De fato, a Lava Jato tem suas ambiguidades, mas na verdade essa conversa é um tanto burocrática e não é feita em outros âmbitos. Por exemplo, discute-se agora a presunção de inocência, se prisão é provisória, e se diz que a pessoa não pode ser presa porque não foi julgada etc. Entretanto, os dados mostram que, dos aproximadamente 500 mil presos no Brasil, pelo menos uns 200 mil desses são presos provisórios e ninguém está preocupado com eles. Então, me parece que tem um certo oportunismo nessa discussão, porque se é para liberar um, então tem que liberar todos os outros que estão ocupando a cadeia ilegalmente.

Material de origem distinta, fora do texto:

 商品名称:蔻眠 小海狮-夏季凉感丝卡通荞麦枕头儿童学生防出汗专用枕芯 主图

As pessoas tendem a se sensibilizar com isso. Por mais que o PT queira se fazer de vítima, a população tende a vê-lo como mais um elemento da política viciada brasileira, ou seja, o PT perdeu a sua autoridade moral para se colocar à parte da corrupção, do setor podre da política. As pessoas veem o PT como parte dessa política e o PT de fato fez parte dessa política; essa é a questão, e isso não é uma coisa que o partido possa negar. O PT geriu esse sistema por 13 anos e foi parte do arranjo institucional que deu na Operação Lava Jato. Por todas as questões que possam ser postas à Lava Jato, não se pode negar que várias das coisas que a Operação aponta, de fato, acontecem: ninguém nega, por exemplo, que fez caixa 2.

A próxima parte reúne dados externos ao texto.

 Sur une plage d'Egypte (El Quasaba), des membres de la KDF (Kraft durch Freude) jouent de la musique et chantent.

Veja o caso do Lula: o caso do Lula está sendo atropelado? Foi provado algo contra o Lula? Ele merece ser preso? Não se provou, mas não dá para negar que o Lula fez lobby com as empreiteiras, ou seja, ele tinha uma relação muito questionável com esses setores e isso está provado e não dá para negar. Ele mesmo admite isso por outras vias. Ele recebeu favores e tenta dar uma legitimidade republicana a isso, o que é completamente absurdo. Então, por mais que o Lula não possa ser incriminado efetivamente, está claro que tanto o Lula quanto o PT estão envolvidos. Se o [Antonio] Palocci estiver disposto a fazer a delação, ela será significativa porque ele poderá entregar um esquema.

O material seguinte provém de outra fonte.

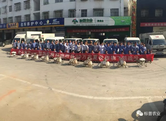 此次飛防是繼安陽百萬畝統(tǒng)防統(tǒng)治后的又一大規(guī)模作業(yè)。為了順利完成任務,8月15日,標普農業(yè)總部飛防大隊和全國各地標普分公司飛防隊出動全豐植保無人機120余架,飛手及助手等近300人奔赴泗縣,要和病蟲害打一場徹底的殲滅戰(zhàn)。
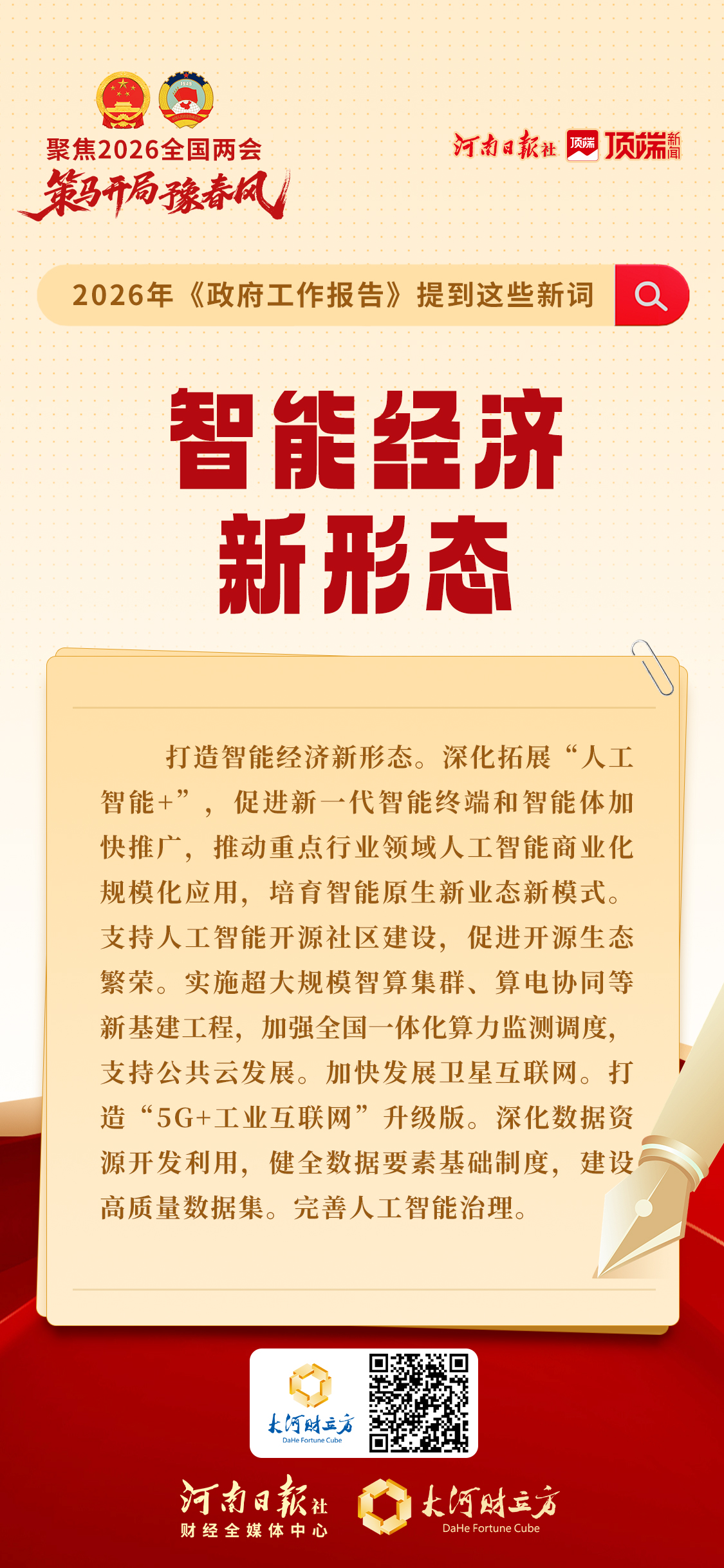 3月5日,十四届全国人大四次会议开幕,国务院总理李强作政府工作报告。城乡居民增收计划、中小学春秋假、未来能源、中国服务、智能经济新形态、新基建工程等首次写进政府工作报告。

Inclusive, essa possibilidade de manter o Lula como o único candidato da esquerda é parte do diagnóstico de que o Lula é o único candidato capaz de sobreviver ao massacre da política, tanto que alguns candidatos do PT, do PMDB e do PSDB não têm como se manter na disputa. As pessoas podem achar que ele é eventualmente corrupto, se isso for provado, mas ele é o cara que conseguiu resolver a vida de muito gente, fez política pública. Ou seja, as pessoas votam no Lula apesar da corrupção. Mas ninguém mais além do Lula tem esse capital político e nesse sentido me parece óbvio que as pessoas olhem para o Lula com tanta euforia.

Mas o debate que a esquerda não faz é o da corrupção, justamente porque esse é visto como um debate da direita. Quando tentamos fazer esse debate na esquerda, somos chamados de udenistas. A corrupção está entranhada no Estado e o capitalismo depende disso, porque o desenvolvimento do capitalismo no país depende dessa corrupção. Se esse debate não for feito, fica difícil fazer julgamentos além dele.

IHU On-Line – Que temas são urgentes e deveriam estar presentes na reinvenção da política ou da esquerda, considerando a situação das periferias brasileiras?

Henrique Costa – Não adianta nem iniciar a discussão desse assunto se não se olhar para a periferia e não se entender quais são as condições de reprodução da periferia, quais as condições de trabalho. As pessoas não estão indo para as igrejas evangélicas por causa dos dogmas, mas porque elas estão cada vez mais encalacradas em suas vidas materiais. Nesse sentido, elas procuram nessas igrejas um refúgio e um senso de comunidade, de ajuda e de solidariedade que deixou de existir em outros espaços. A esquerda tem que ter noção dessa dimensão.